Many manufacturers are switching over to BPS in such products as receipt paper to comply with restrictions and regulations around the world. But there's still a big problem. Researchers have discovered that like its cousin BPA, BPS is what's called an endocrine disrupter. That means it mimics our own natural hormones, particularly estrogen, and like BPA, it's absorbed directly through the skin.

Although BPS might be less potent than BPA, it also may be less biodegradable. While further study is needed, BPS is being introduced into the environment -- and into your hands and the recesses of your wallet -- every day.
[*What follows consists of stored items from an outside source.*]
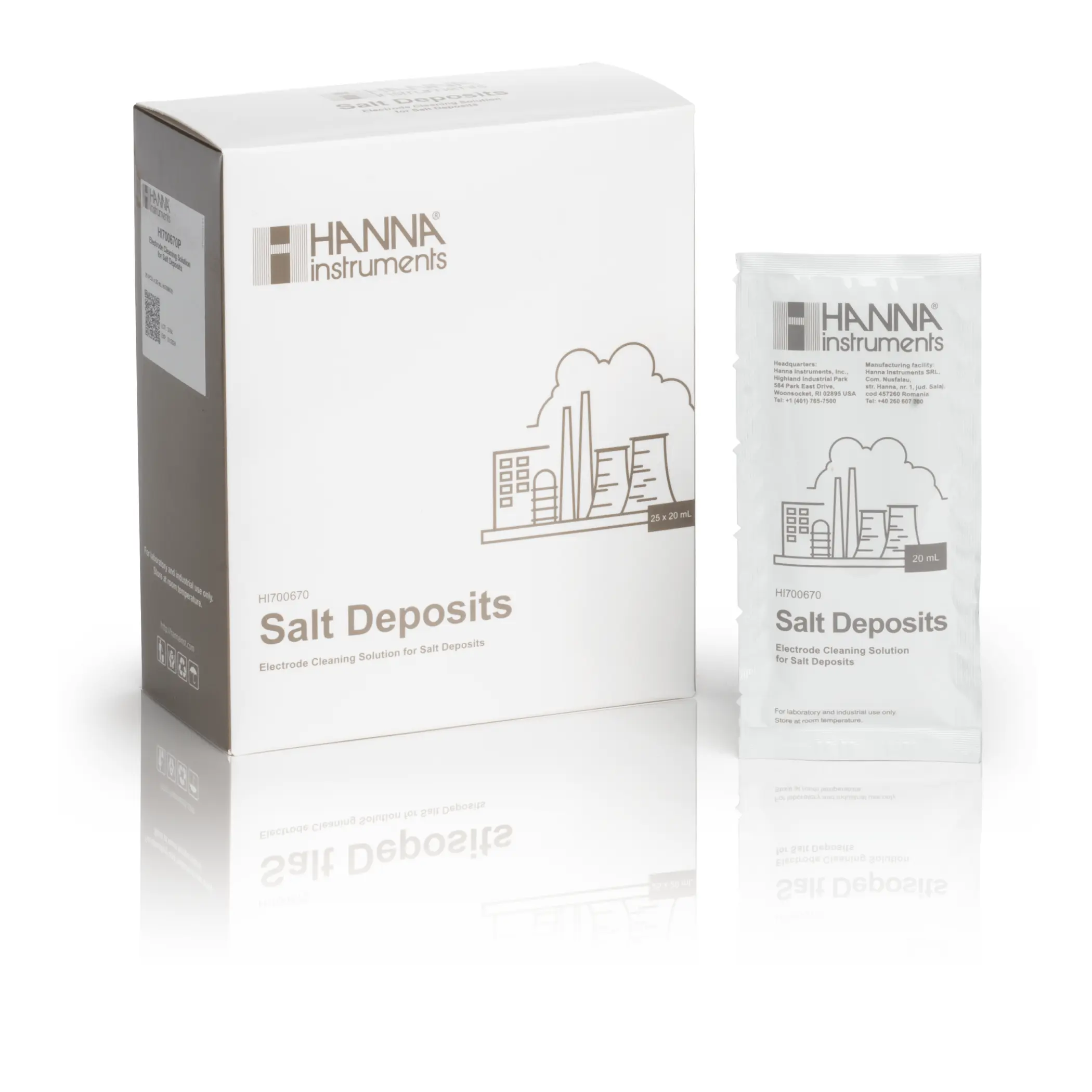HI700670P là Dung dịch làm sạch cặn muối vô cơ trong quy trình công nghiệp. Các điện cực và đầu dò có thể bị bẩn khi sử dụng và cho kết quả không chính xác.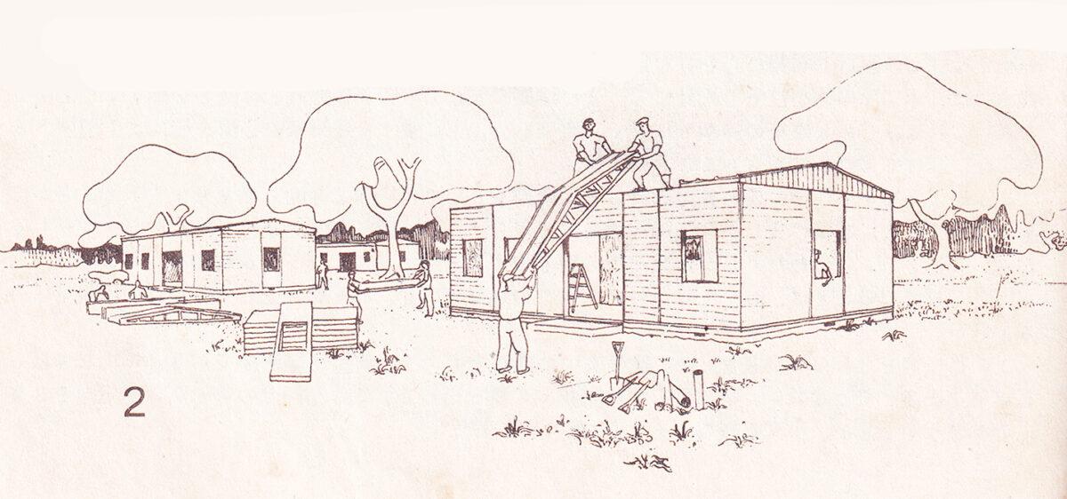 戦時中に住宅営団が手がけた組立家屋と同じく、プレカット材や木質パネルを現場で組み立てる方式が採られるも思うように実績は伸びない。さらに資材輸送の混乱や部品の盗難など問題山積となって建設は当初計画の3分の1にとどまった6。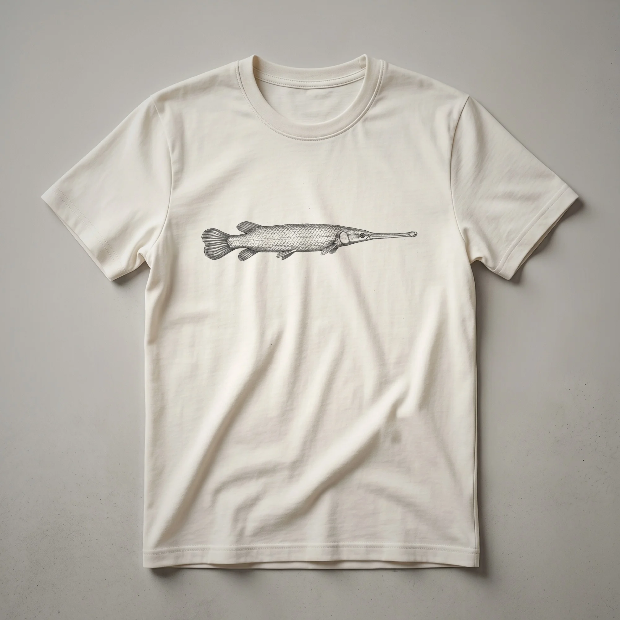 - Vintage gar drawing art t-shirt for anglers and wildlife enthusiasts.
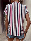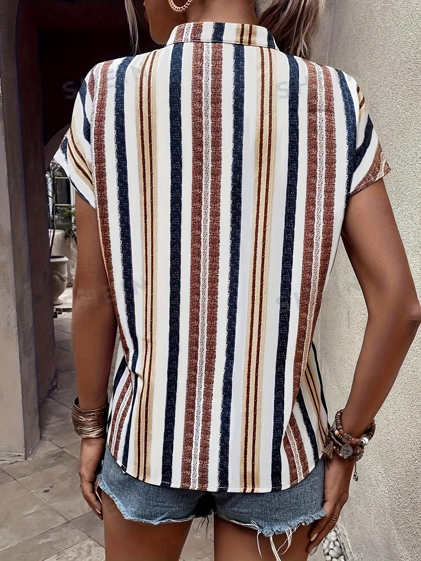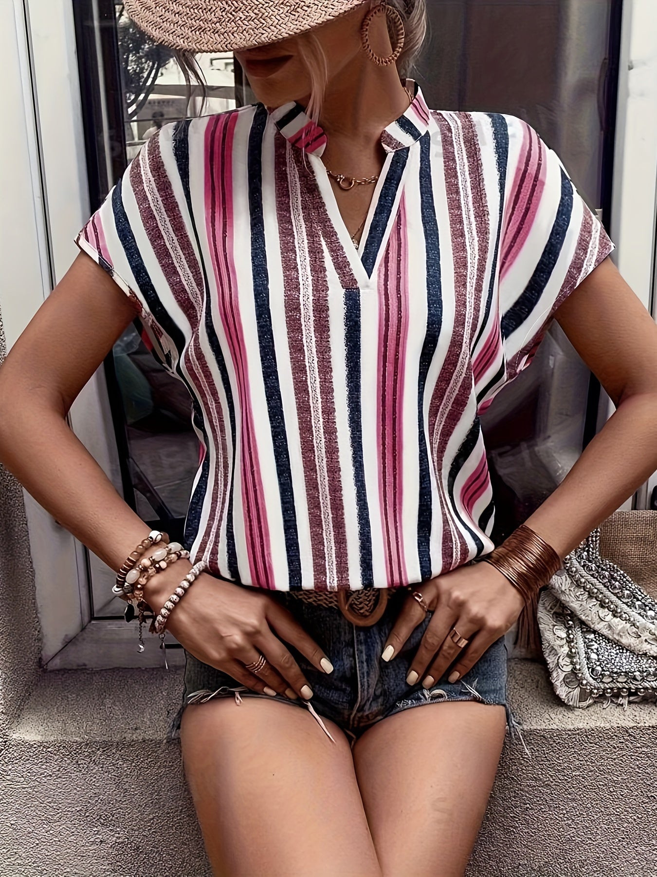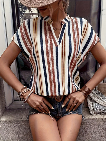 Striped Print Notched Neck Blouse, Casual Short Sleeve Blouse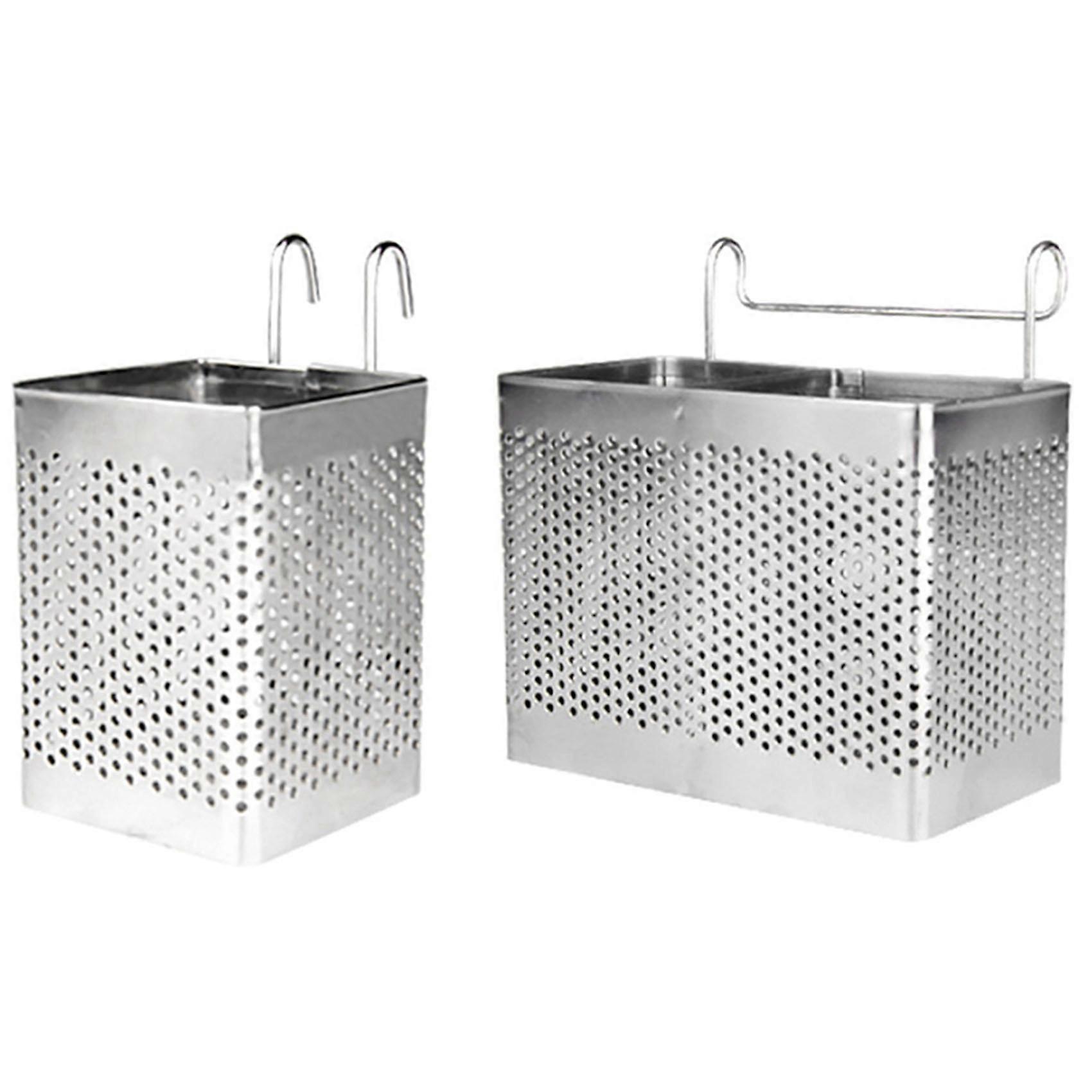 2x Stainless Steel Chopsticks Holder Hanging Cutlery Drying Basket Tableware Drainer with Hooks Kit
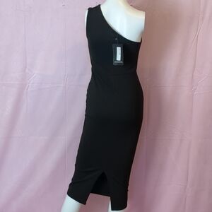 PLT black one shoulder bodycon midi dress with cut out bodice design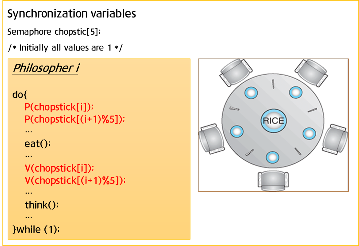 - Deadlock 가능성이 있다(모든 철학자가 배가 고파져 왼쪽 젓가락을 집어버린 경우)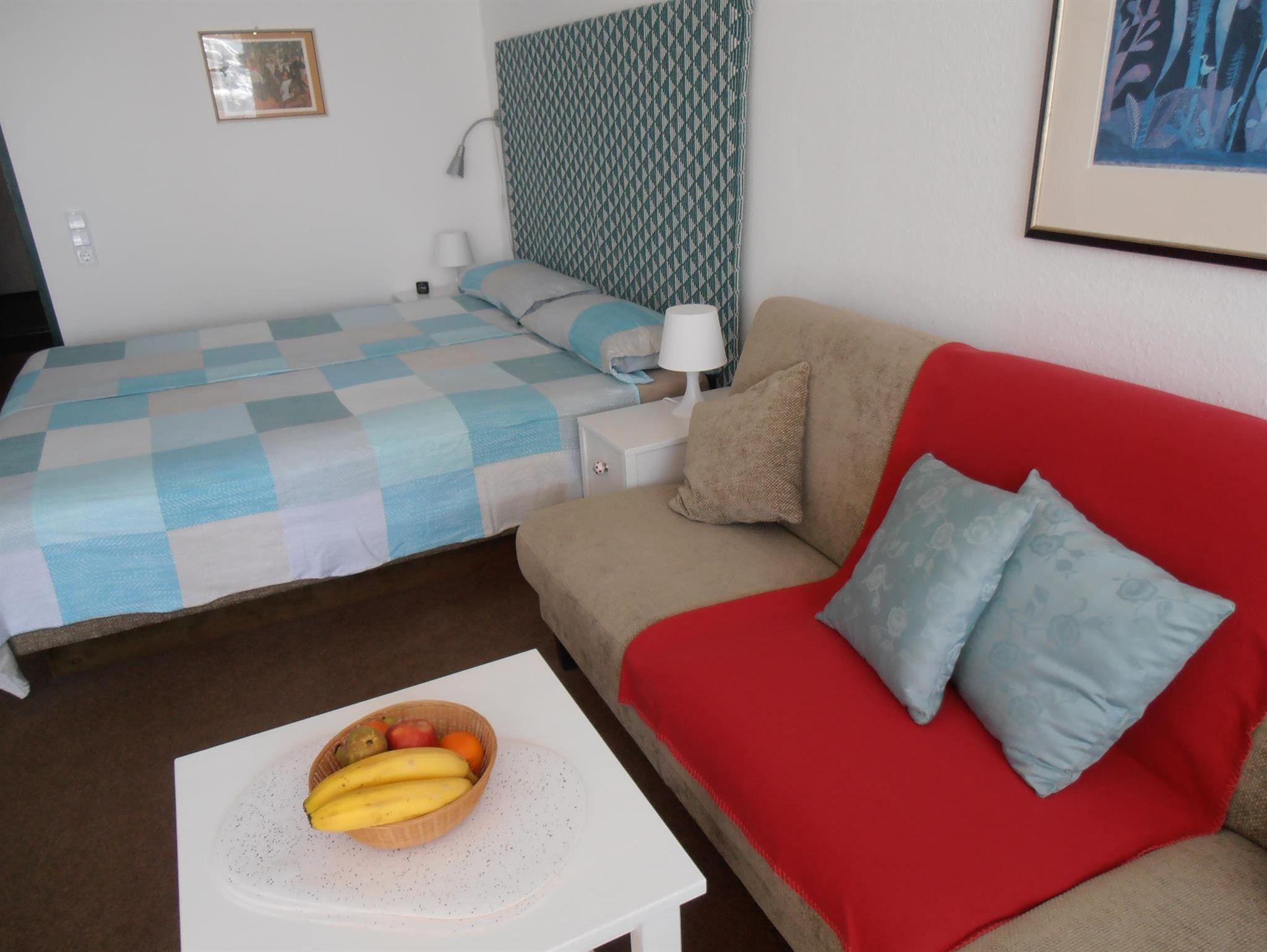 Ausstattung: Alles Notwendige im Appartement vorhanden: TV, Föhn, Kaffeemaschine, Wasserkocher, kleiner Backofen, Toaster, Kühlschrank, Tiefkühlschrank, Küchenzeile mit zwei Kochplatten.

In the current study, published in Environmental Science and Technology, all of the receipt paper, 87 percent of the paper currency and 52 percent of the recycled paper contained BPS. The study also suggests that people may be absorbing BPS in large doses through the skin. (Read more about the study here.)

So What Should You Do?

You can avoid the potential threat by asking for e-receipts and handling paper receipts and money as little as possible. Or "wash your hands soon after touching" the tainted paper, says researcher Kurunthachalam Kannan of the Wadsworth Center at the New York State Department of Health and the State University of New York at Albany.

There are other good reasons to avoid receipts. According to Market Watch in The Wall Street Journal, ATM receipts are one of the top sources of planetary litter. They estimate that if everyone in the U.S. would refuse one receipt, it would save a roll of paper more than 2 billion feet long. That would circle the equator 15 times. And that's one paper trail we don't want to follow.